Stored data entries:
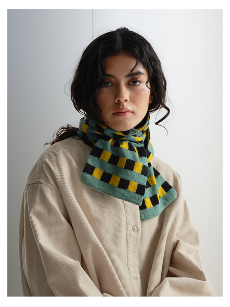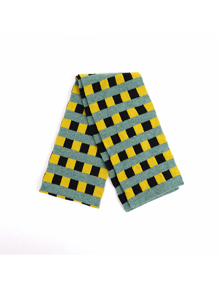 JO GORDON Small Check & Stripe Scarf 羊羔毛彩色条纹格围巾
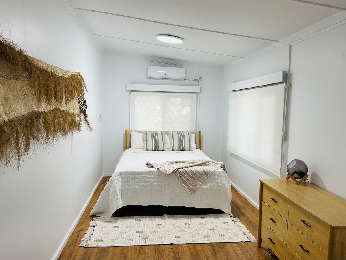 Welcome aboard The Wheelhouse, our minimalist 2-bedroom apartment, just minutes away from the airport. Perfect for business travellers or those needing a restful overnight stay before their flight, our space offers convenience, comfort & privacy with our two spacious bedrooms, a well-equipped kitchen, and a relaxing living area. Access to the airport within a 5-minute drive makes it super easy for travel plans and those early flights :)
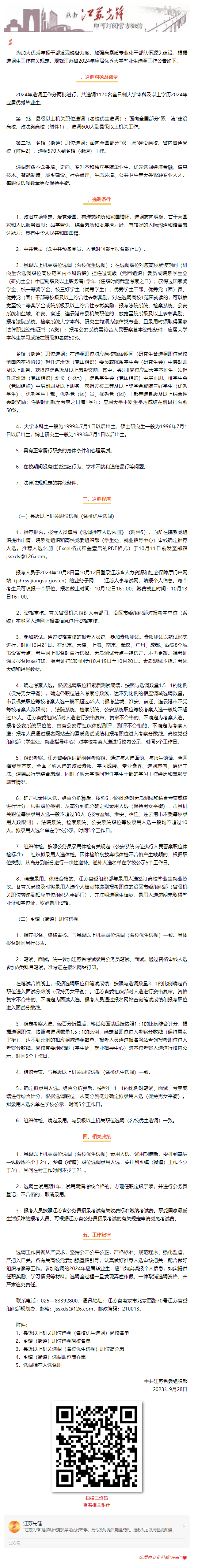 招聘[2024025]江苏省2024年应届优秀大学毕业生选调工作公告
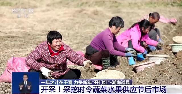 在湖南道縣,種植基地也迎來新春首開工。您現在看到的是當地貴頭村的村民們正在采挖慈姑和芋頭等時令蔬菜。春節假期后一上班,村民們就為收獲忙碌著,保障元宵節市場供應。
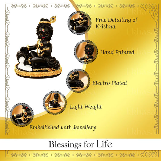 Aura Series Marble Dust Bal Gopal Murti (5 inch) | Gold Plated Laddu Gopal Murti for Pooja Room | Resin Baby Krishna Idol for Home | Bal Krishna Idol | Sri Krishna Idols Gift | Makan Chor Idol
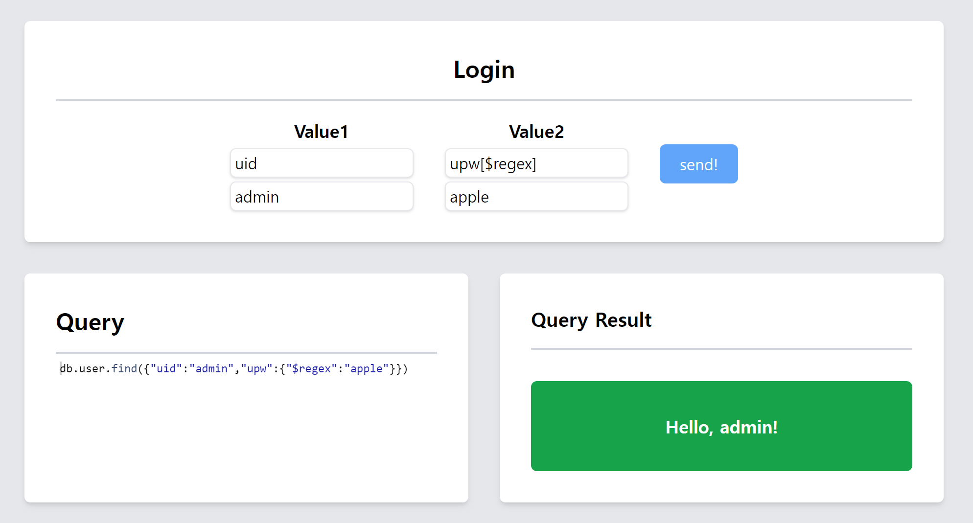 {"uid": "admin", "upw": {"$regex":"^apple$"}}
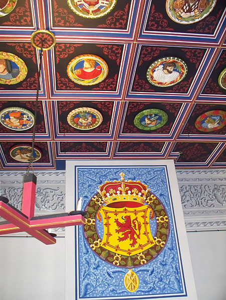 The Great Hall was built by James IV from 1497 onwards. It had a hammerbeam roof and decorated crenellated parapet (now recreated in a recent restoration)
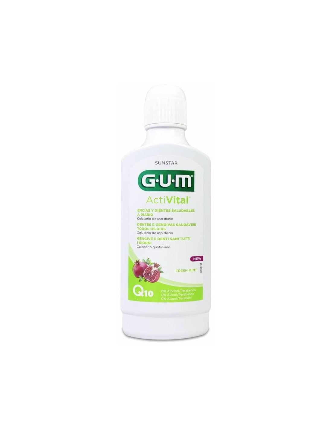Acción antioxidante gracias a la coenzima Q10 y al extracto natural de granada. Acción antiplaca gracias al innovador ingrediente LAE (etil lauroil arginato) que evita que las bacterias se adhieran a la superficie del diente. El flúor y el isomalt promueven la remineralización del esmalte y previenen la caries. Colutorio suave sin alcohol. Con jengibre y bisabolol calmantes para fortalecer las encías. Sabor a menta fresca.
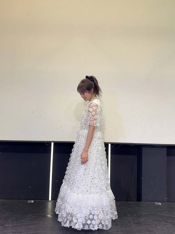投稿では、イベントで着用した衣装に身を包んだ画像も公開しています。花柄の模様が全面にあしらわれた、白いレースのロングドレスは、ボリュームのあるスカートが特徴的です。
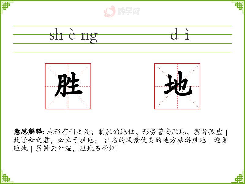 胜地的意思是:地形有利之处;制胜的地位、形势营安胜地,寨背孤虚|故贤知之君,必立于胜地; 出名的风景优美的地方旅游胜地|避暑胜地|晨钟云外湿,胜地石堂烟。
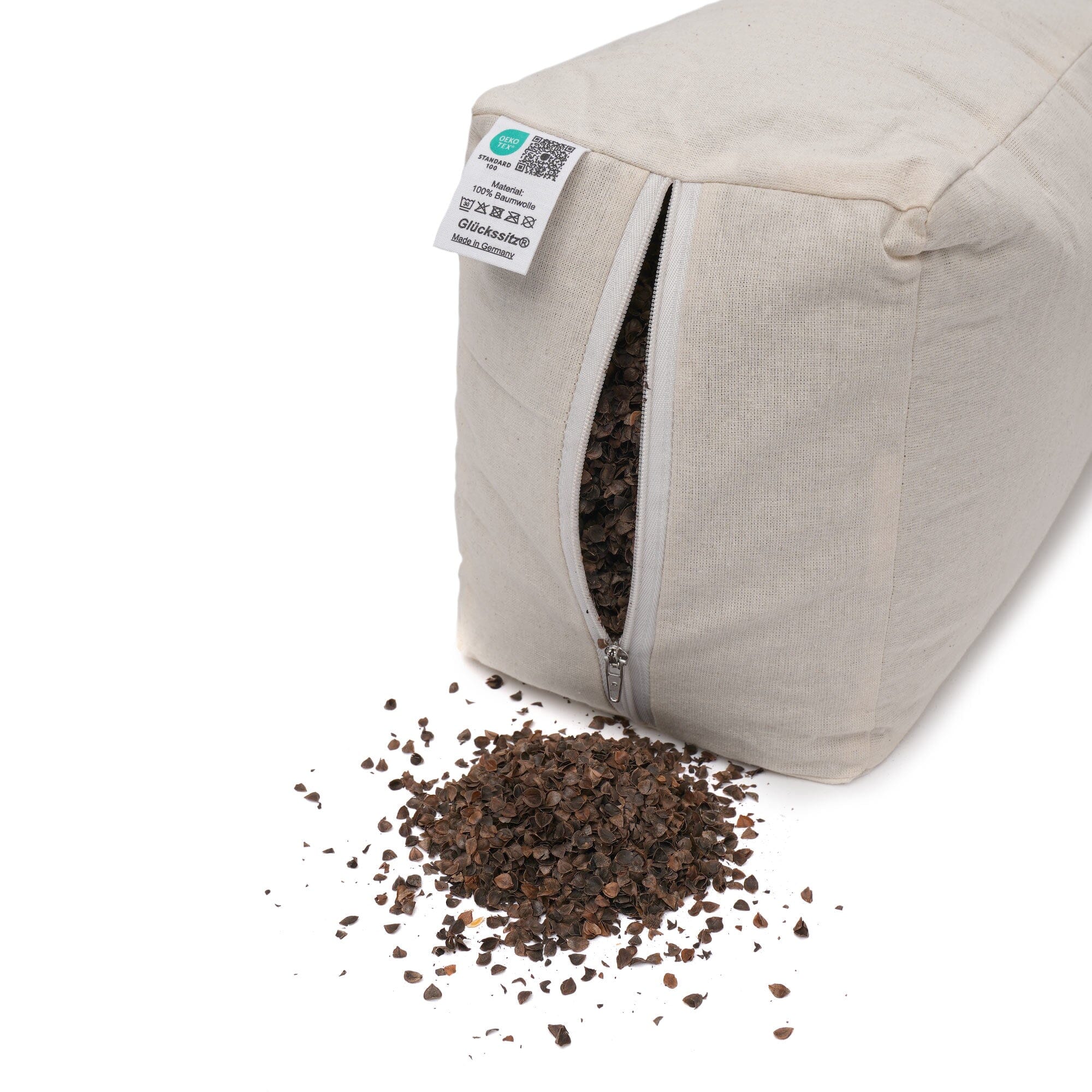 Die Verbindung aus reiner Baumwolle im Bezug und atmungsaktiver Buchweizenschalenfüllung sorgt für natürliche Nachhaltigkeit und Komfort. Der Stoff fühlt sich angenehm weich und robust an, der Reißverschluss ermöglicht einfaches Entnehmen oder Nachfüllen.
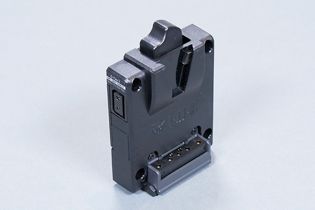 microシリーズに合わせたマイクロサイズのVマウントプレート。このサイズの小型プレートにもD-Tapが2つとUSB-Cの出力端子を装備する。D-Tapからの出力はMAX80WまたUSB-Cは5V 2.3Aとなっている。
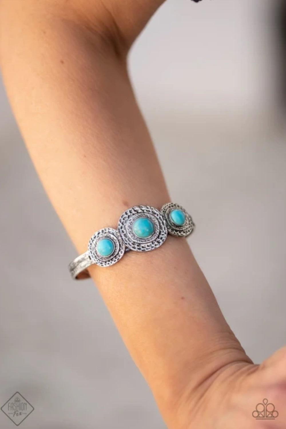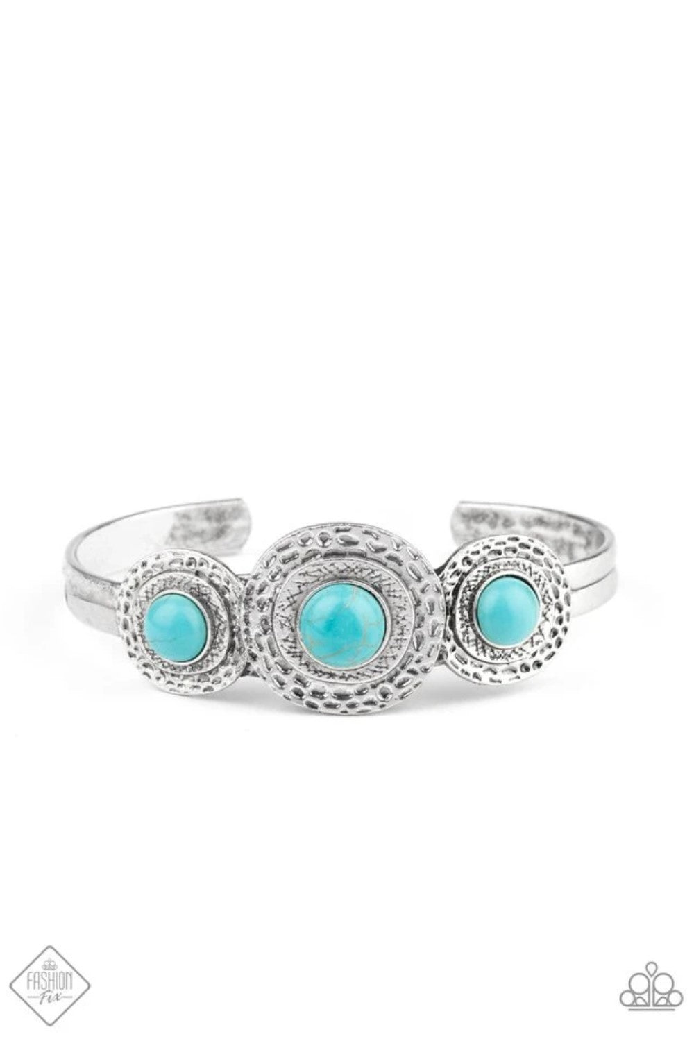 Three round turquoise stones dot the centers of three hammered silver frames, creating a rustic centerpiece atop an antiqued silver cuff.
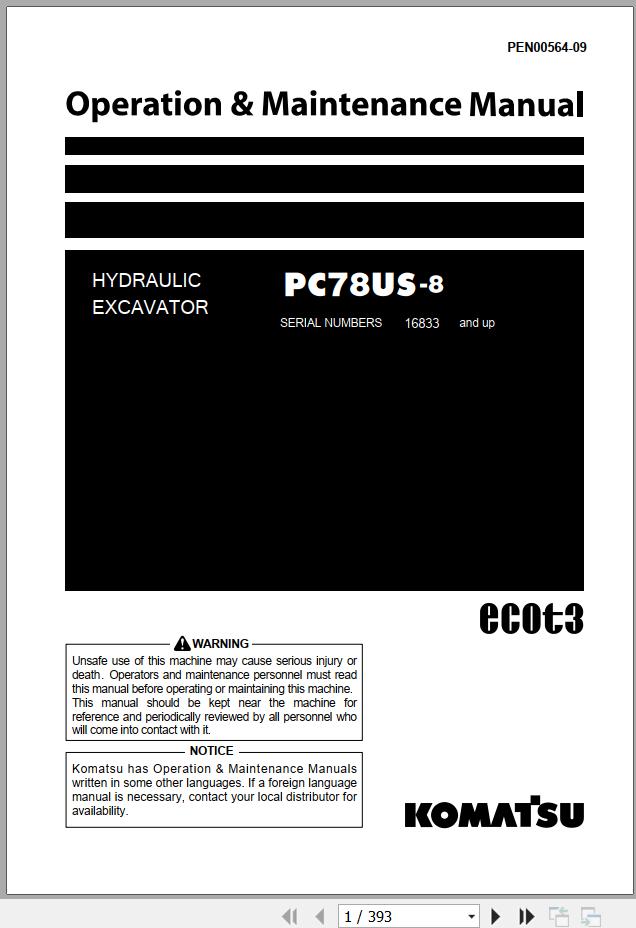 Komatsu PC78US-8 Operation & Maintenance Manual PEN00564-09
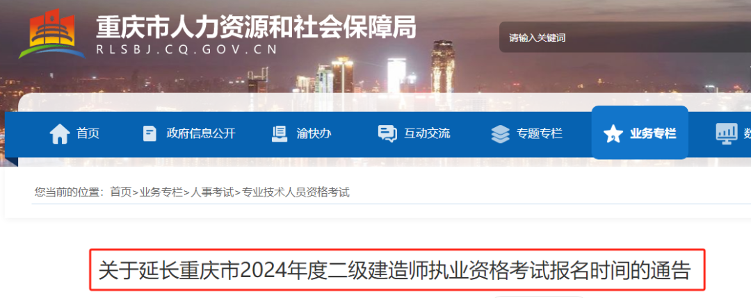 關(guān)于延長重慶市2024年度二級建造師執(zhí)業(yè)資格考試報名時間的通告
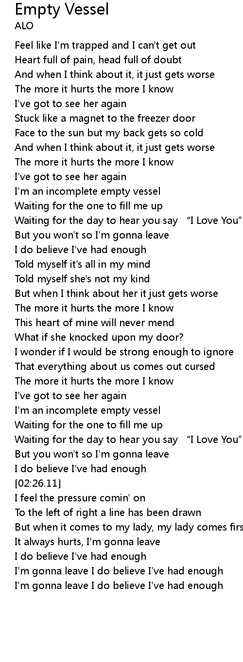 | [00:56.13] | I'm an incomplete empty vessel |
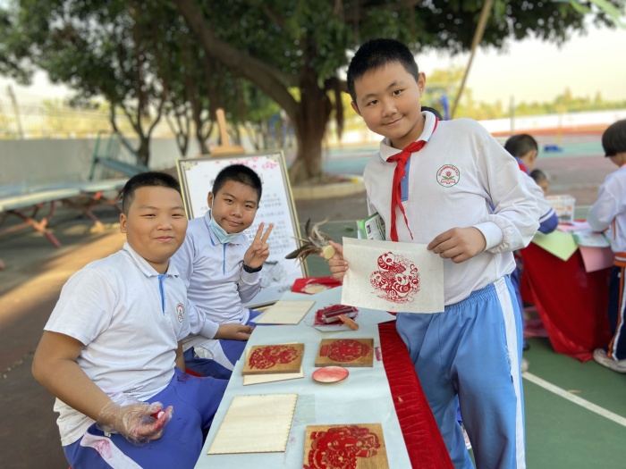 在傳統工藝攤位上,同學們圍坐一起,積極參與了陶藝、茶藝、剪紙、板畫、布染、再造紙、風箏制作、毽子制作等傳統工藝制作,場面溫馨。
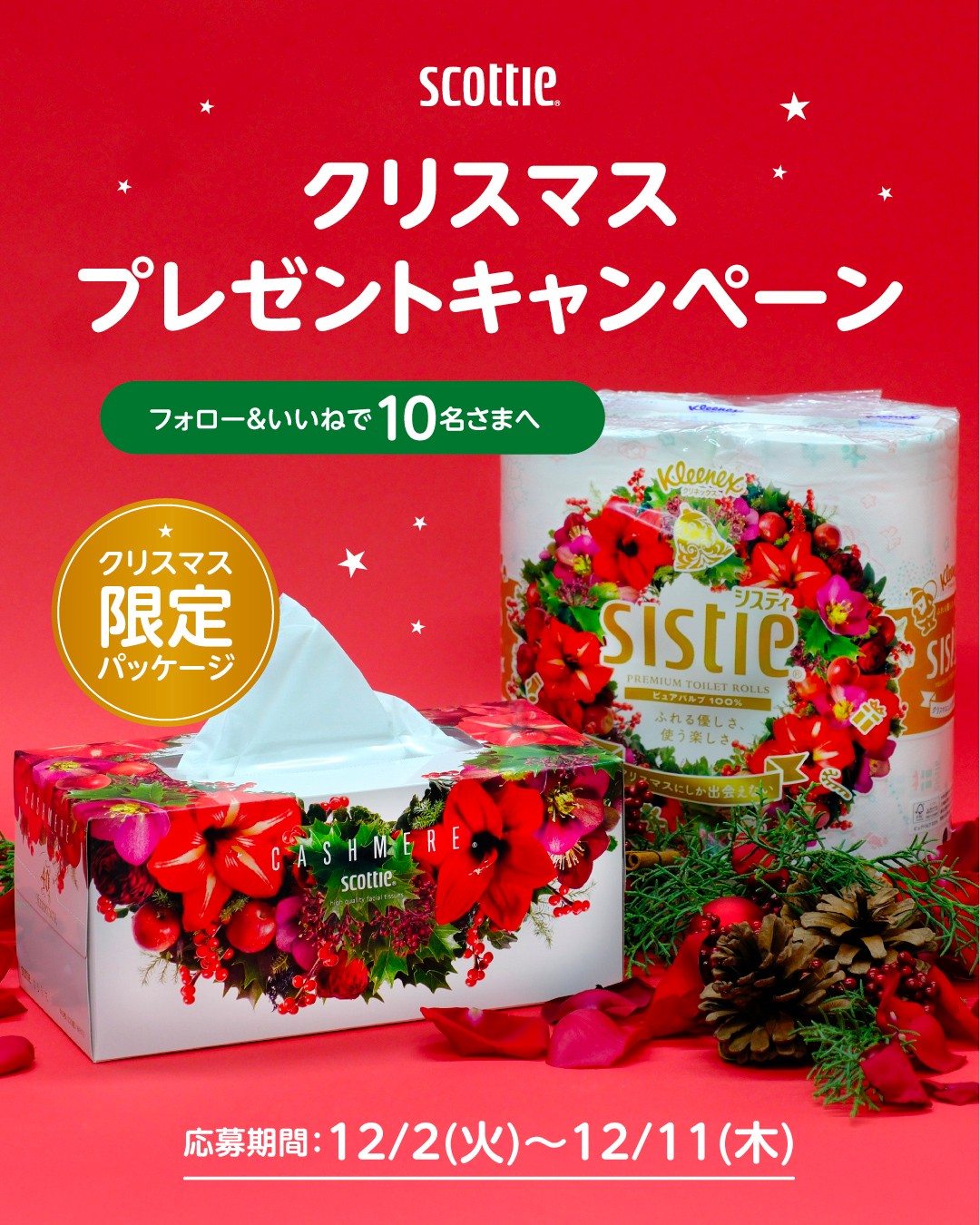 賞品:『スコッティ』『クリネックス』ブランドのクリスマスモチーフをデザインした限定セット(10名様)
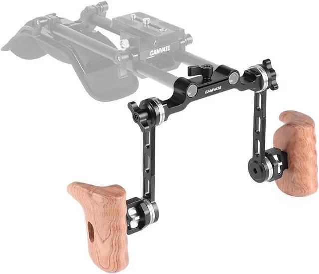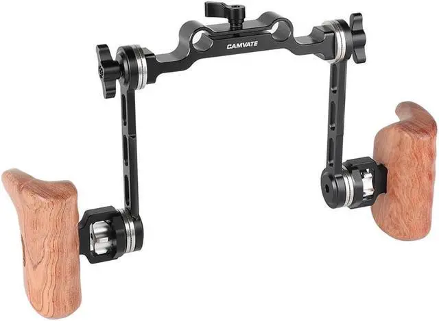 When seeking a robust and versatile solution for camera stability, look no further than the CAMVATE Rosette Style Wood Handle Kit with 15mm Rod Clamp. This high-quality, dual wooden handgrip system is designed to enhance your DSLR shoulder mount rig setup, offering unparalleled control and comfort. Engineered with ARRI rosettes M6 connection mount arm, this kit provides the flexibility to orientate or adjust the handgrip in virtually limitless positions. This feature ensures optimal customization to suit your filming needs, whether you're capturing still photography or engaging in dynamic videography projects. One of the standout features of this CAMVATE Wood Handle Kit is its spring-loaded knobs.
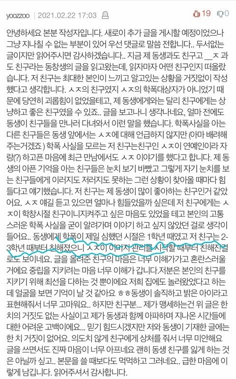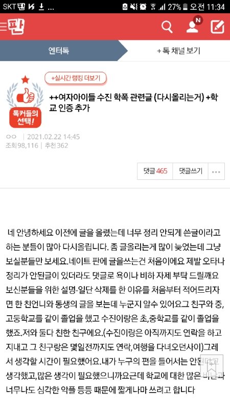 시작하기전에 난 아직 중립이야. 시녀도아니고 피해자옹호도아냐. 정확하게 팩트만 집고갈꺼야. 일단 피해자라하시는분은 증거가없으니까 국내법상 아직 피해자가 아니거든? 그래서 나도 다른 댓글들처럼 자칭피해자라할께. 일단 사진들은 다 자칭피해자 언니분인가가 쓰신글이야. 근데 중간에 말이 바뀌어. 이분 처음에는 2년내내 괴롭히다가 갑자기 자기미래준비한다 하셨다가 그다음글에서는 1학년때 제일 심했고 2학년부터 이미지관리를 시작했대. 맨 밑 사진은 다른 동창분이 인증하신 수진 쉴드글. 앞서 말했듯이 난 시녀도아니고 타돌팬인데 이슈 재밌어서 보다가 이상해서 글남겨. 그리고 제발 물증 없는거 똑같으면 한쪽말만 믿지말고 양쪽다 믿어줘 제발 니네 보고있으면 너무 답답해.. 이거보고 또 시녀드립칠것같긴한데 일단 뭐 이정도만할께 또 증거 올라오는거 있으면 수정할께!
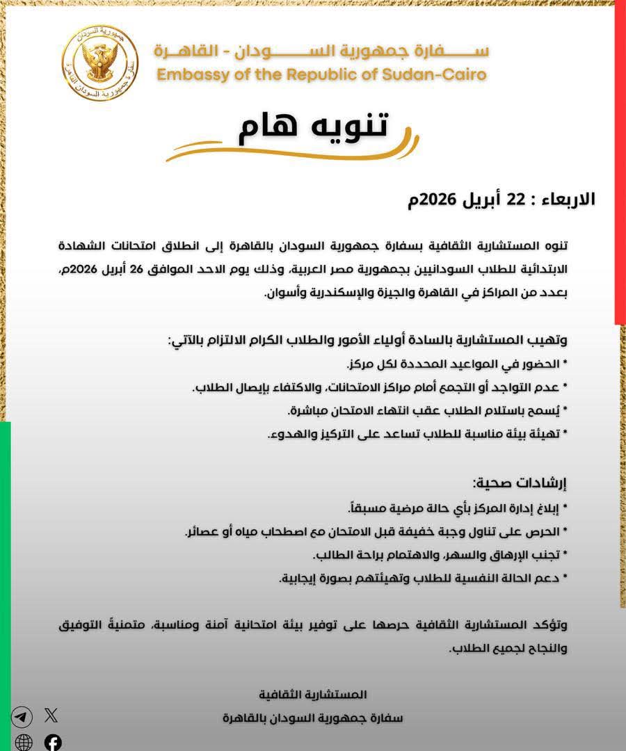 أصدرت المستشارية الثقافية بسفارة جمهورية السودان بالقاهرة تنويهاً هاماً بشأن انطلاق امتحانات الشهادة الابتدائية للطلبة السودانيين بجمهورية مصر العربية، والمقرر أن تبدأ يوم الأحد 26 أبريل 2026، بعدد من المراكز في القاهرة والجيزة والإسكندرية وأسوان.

- **TASK DIRECTIONS**
When copying from the data above, print only the lines from the line containing "在傳統工藝攤位上,同學們圍坐" to the line containing "시작하기전에 난 아직", exactly, and leave the pictures out.

- **SOLVED EXERCISE**
 在傳統工藝攤位上,同學們圍坐一起,積極參與了陶藝、茶藝、剪紙、板畫、布染、再造紙、風箏制作、毽子制作等傳統工藝制作,場面溫馨。
 賞品:『スコッティ』『クリネックス』ブランドのクリスマスモチーフをデザインした限定セット(10名様)
 When seeking a robust and versatile solution for camera stability, look no further than the CAMVATE Rosette Style Wood Handle Kit with 15mm Rod Clamp. This high-quality, dual wooden handgrip system is designed to enhance your DSLR shoulder mount rig setup, offering unparalleled control and comfort. Engineered with ARRI rosettes M6 connection mount arm, this kit provides the flexibility to orientate or adjust the handgrip in virtually limitless positions. This feature ensures optimal customization to suit your filming needs, whether you're capturing still photography or engaging in dynamic videography projects. One of the standout features of this CAMVATE Wood Handle Kit is its spring-loaded knobs.
 시작하기전에 난 아직 중립이야. 시녀도아니고 피해자옹호도아냐. 정확하게 팩트만 집고갈꺼야. 일단 피해자라하시는분은 증거가없으니까 국내법상 아직 피해자가 아니거든? 그래서 나도 다른 댓글들처럼 자칭피해자라할께. 일단 사진들은 다 자칭피해자 언니분인가가 쓰신글이야. 근데 중간에 말이 바뀌어. 이분 처음에는 2년내내 괴롭히다가 갑자기 자기미래준비한다 하셨다가 그다음글에서는 1학년때 제일 심했고 2학년부터 이미지관리를 시작했대. 맨 밑 사진은 다른 동창분이 인증하신 수진 쉴드글. 앞서 말했듯이 난 시녀도아니고 타돌팬인데 이슈 재밌어서 보다가 이상해서 글남겨. 그리고 제발 물증 없는거 똑같으면 한쪽말만 믿지말고 양쪽다 믿어줘 제발 니네 보고있으면 너무 답답해.. 이거보고 또 시녀드립칠것같긴한데 일단 뭐 이정도만할께 또 증거 올라오는거 있으면 수정할께!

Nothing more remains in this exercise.